CFE-CMStatistics 2024: Start Registration
View Submission - CFECMStatistics2024
A1588
Title: Regression trees for analyzing longitudinal health data streams: A comparative study Authors:  Ines Sousa - Minho University (Portugal) [presenting]
Abstract: Chronic kidney disease (CKD) is characterized by kidney damage or an estimated glomerular filtration rate (eGFR) of less than 60 ml/min per 1.73 square meters for three months or more. The performance of six tree-based machine learning models - Decision Trees, Random Forests, Bagging, Boosting, Very Fast Decision Tree (VFDT), and Concept-adapting Very Fast Decision Tree (CVFDT)- are evaluated on longitudinal health data. Longitudinal data, where individuals are measured repeatedly over time, provide an opportunity to predict future trajectories using dynamic predictions that incorporate the entire historical dataset.
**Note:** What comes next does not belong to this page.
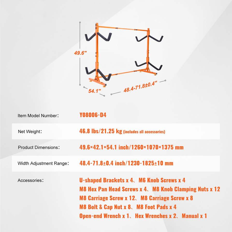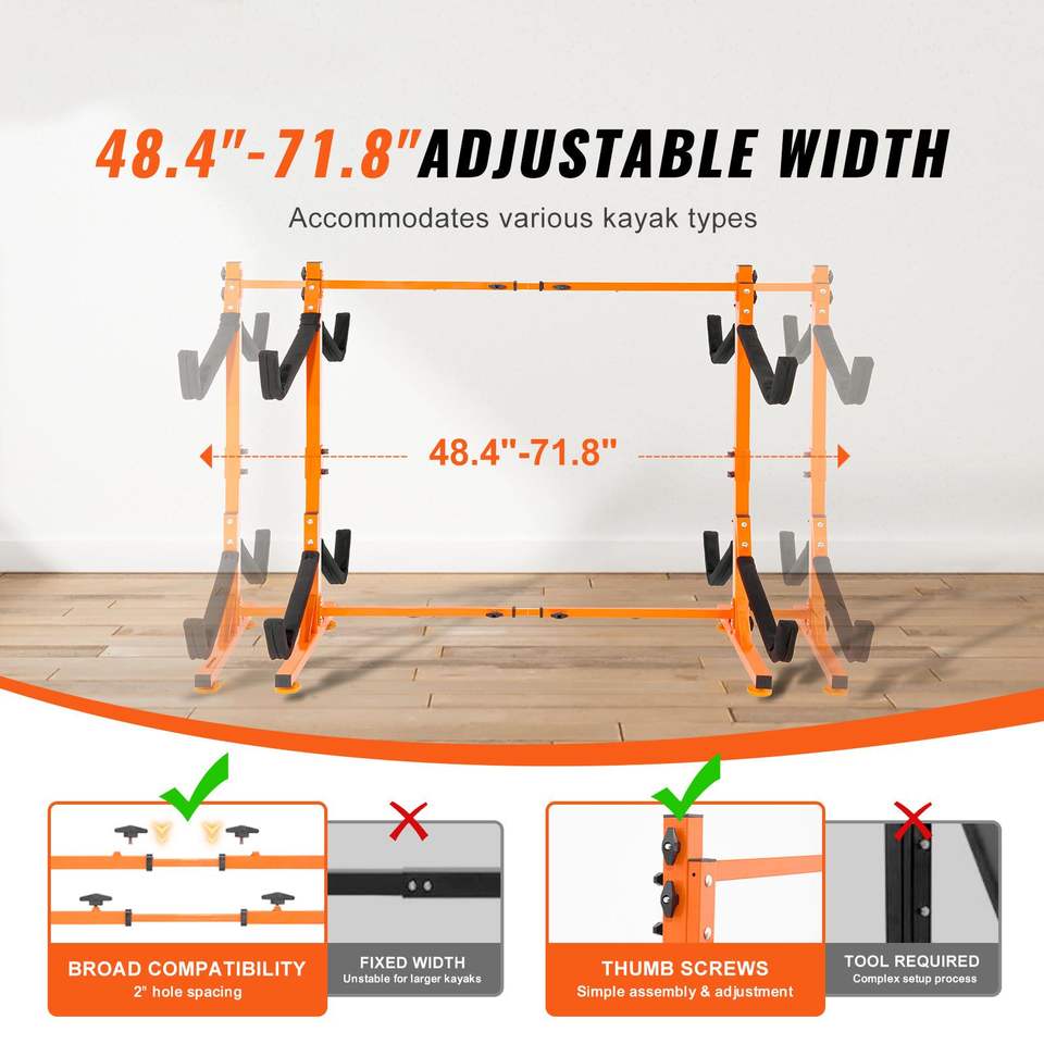 Supporto Autoportante in Acciaio Resistente per 4 Kayak, Canoe e Paddleboard con Porta AR Imbottito

These predictions are essential for real-time decision-making processes in healthcare. The dataset comprised 406 kidney transplant patients, spanning from January 21, 1983, to August 16, 2000. It captures 120 time points over the first 119 days post-transplant, including baseline glomerular filtration rates (GFR), along with three static variables: weight, age, and gender. Data preprocessing involved robust imputation techniques to handle missing data, ensuring consistency and trend accuracy. The models were trained to predict health outcomes starting from the eight-day post-transplant, progressively incorporating daily values to predict subsequent days up to day 119. Model performance was evaluated using mean squared error (MSE) and mean absolute error (MAE) through data partitioning and cross-validation techniques.